Progress in video coding techniques has introduced the concept of scalability. Within the AVC framework, this concept has been expanded with the introduction of SVC [16,20,21]. In SVC, frames consist of a Base Layer (BL) and one or more Enhancement Layers (EL). Each higher layer is contingent upon all the preceding layers for accurate display. If any layer is absent, subsequent layers are disregarded. SVC can be applied in terms of temporal resolution, spatial resolution, or quality. While SVC maintains the same GOP hierarchy as AVC, it introduces a parallel structure based on the number of ELs [22,23].

The term “scalability” in video streaming refers to a segmented layered coding system. This system allows for the removal of higher layers while still retaining the ability to decode the video [16,20]. Such a design minimizes information loss during packet drops, ensuring that videos maintain their integrity even with increased frame sizes.

SVC coding, in terms of the GOP hierarchy, mirrors the structure found in AVC. However, a distinguishing feature of SVC is its introduction of a parallel structure. This structure emerges from the number of ELs, all of which are contingent upon the BL [21,22,23]. A visualization of the SVC hierarchy for I–B with two layers and a GOP size of eight frames is provided in Figure 2, illustrating an IBBBBBBB pattern.

To determine the total number of layers, one must factor in the variety of frame types (I, B) and the number of SVC layers (such as BL, EL1, EL2, etc.). In the context of this research, four primary layers are discerned:

Base I frame (BI)
Enhancement I frame (EI)
Base B frame (BB)
Enhancement B frame (EB)

The base video data are housed within the BI and BB layers, while the enhancement video data reside in the EI and EB layers. For illustrative and experimental intents, this study adopts a GOP size of eight, following an IBBBBBBB (IB7) pattern, as depicted in Figure 1b. Two quality layers, BL and EL, are considered, with P frames being excluded from the analysis.

Within the framework of SVC, the quality of a video frame is intrinsically linked to the layers employed during its reconstruction [20,23]. This relationship is exemplified in Figure 3, which provides a visual exploration of the impact on spatial Y-PSNR when specific frame types are omitted.
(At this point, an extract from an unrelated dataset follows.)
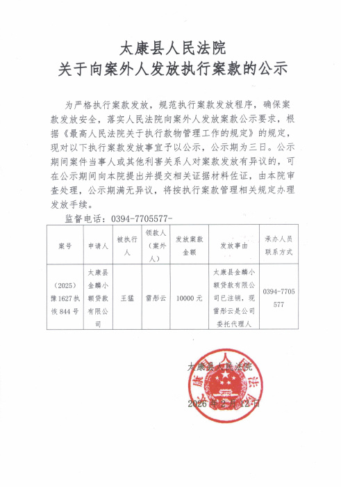 太康县人民法院关于向案外人发放执行案款的公示

Three distinct scenarios are considered in this test:

No Loss: This scenario serves as a reference, wherein Figure 3a displays the spatial Y-PSNR solely resulting from frame compression and subsequent restoration.
Discarding All EB: In this scenario, evident in Figure 3b, the frame exhibits regions with diminished Y-PSNR. This decrease is predominantly observed in areas undergoing pronounced color transitions, typically indicative of movement.
Retaining Only BI: As portrayed in Figure 3c, this scenario experiences a significant information deficit. When both the BL and EL of a frame are absent, the resultant reconstruction contains voids. While it is feasible to populate these gaps with data from preceding frames, the primary aim of this experiment is to assess the impact without invoking supplementary measures.

2.2. Video Quality Measure

Determining video quality has long been debated due to its reliance on numerous subjective factors. The challenge lies in transforming these subjective perceptions into objective metrics [24,25]. Taking into account the human eye process of translating visible light into visual data, the prominence of photoreceptors becomes apparent [26].

Photoreceptors, crucial components of the human retina, facilitate the transformation of visible light into biological signals, allowing visual representation of the external environment [27]. The majority of these photoreceptors are rod cells, making up approximately 95% and predominantly recognizing luminance. On the other hand, cone cells account for approximately 5% and are chiefly responsible for color recognition [26,27]. Given this distribution, the human retina heightened sensitivity to brightness over color has led to video quality measures often concentrating solely on the luma channel.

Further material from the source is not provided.